To prove this does what I claim, try it out.

new_person = Person.new({handle: 'Dude', first_name: 'Jeffrey', surname: 'Lebowski', living_friends: ['Walter', 'Donny']}, connection)
new_person.handle = 'The Dude' # This is OK.
new_person.living_friends = ['Walter'] # This is OK now too.

another_person = Person.new({handle: 'Loner', first_name: 'John', surname: 'Smith'}, connection)
puts another_person.living_friends # NoMethodError, just like we expect.

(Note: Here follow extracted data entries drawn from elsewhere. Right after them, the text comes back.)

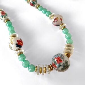 Mouth blown glass reverse painted Chinese beads with a floral motif, gold washed accents and spheres of polished aventurine. 22” length. Set includes matching earrings with a 1 1/4” drop.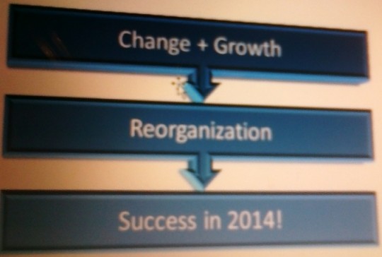 Reorganization is a necessary reaction to change. Change is necessary for growth. Without growth, life would be static and dull. People who want something better but are resistant to change, will have a hard time achieving their goals. Say goodbye to 2013 and all the failures and mistakes that you made. Say hello to 2014 and get reorganized and be prepared to meet new challenges that may come up in your journey on the road to success.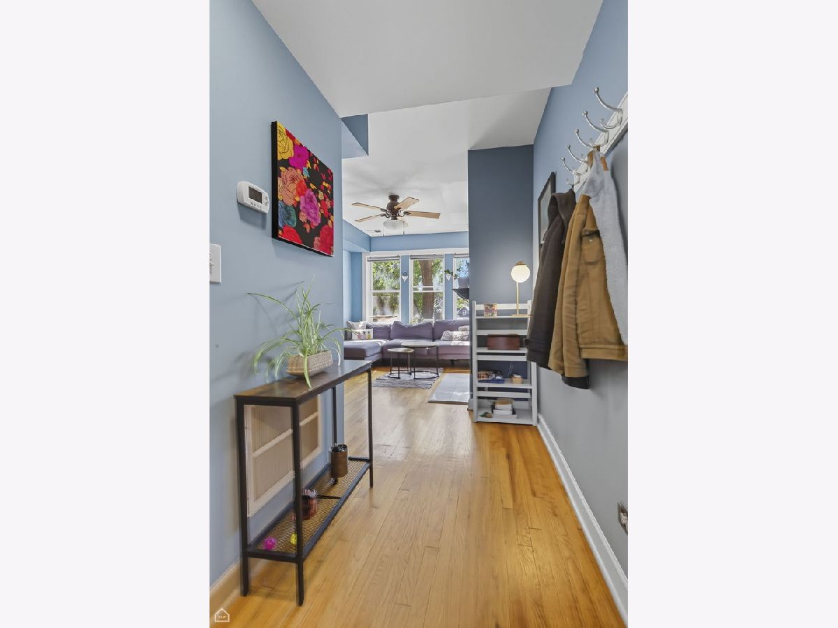 Charming 2 bedroom, 1 bath condo in highly desirable Irving Park! Located on an idyllic tree-lined street, this condo features a cozy living room with wood-burning fireplace, hardwood floors throughout and ample storage. The primary bedroom is a great size with direct access to the spacious bathroom. Second bedroom welcomes you with French doors and beautiful natural light. The sunny and open back deck is ideal for grilling and summer entertaining. Convenient in-unit laundry. There is an additional bike area and private storage space in the building. Very convenient location, nearby to tons of restaurants, coffee shops, grocery stores. Walkable to Brown line and Horner Park, and access to multiple buses. Easy street parking.

And finally, our finished product. There’s more that we could do with this, such as drawing out the now-generic methods into a base class. Another thing might be validation that enforces a list of mandatory fields; but I’ll leave that as an exercise for the reader.

require 'mongo'
require 'json'

class Object
  def metaclass
    class << self; self; end
  end
end

class Person
  def self.from_json(json, db_conn)
    data = JSON.parse json
    # Assume it came from the DB in the first place if _id is present.
    data['_id'] = BSON::ObjectId(data['_id']) if data.key? '_id'
    Person.new data db_conn
  end

  def self.find(id, db_conn)
    data = db_conn.collection(:person).find_one({:_id => BSON::ObjectId(id)})
    return nil if !data
    person = Person.new data, db_conn
  end

  def initialize(data, db_conn)
    data.each do |key, val|
      var_name = "@#{key}"
      instance_variable_set var_name, val
      metaclass.send(:define_method, "#{key}=".to_sym) {|val| instance_variable_set var_name, val}
      metaclass.send(:define_method, key.to_sym) {instance_variable_get var_name}
    end
    @db_conn = db_conn
  end

  def save
    collection = @db_conn.collection :person
    data = instance_var_hash
    # Remove the keys we don't wan't to persist.
    ['db_conn', '_id'].each {|key| data.delete key}
    if @_id
      collection.update({_id: @_id}, {'$set' => data})
    else
      @_id = collection.insert data
    end
  end

  def delete
    @db_conn.collection(:person).remove({_id: @_id})
    @_id = nil
  end

  def to_json(*a)
    data = instance_var_hash
    data['_id'] = data['_id'].to_s if data.key? '_id' # Nicer representation.
    # We might also remove certain keys that we don't want to send as JSON...
    data.to_json
  end
end

I think you’ll agree; it really does tie the room together.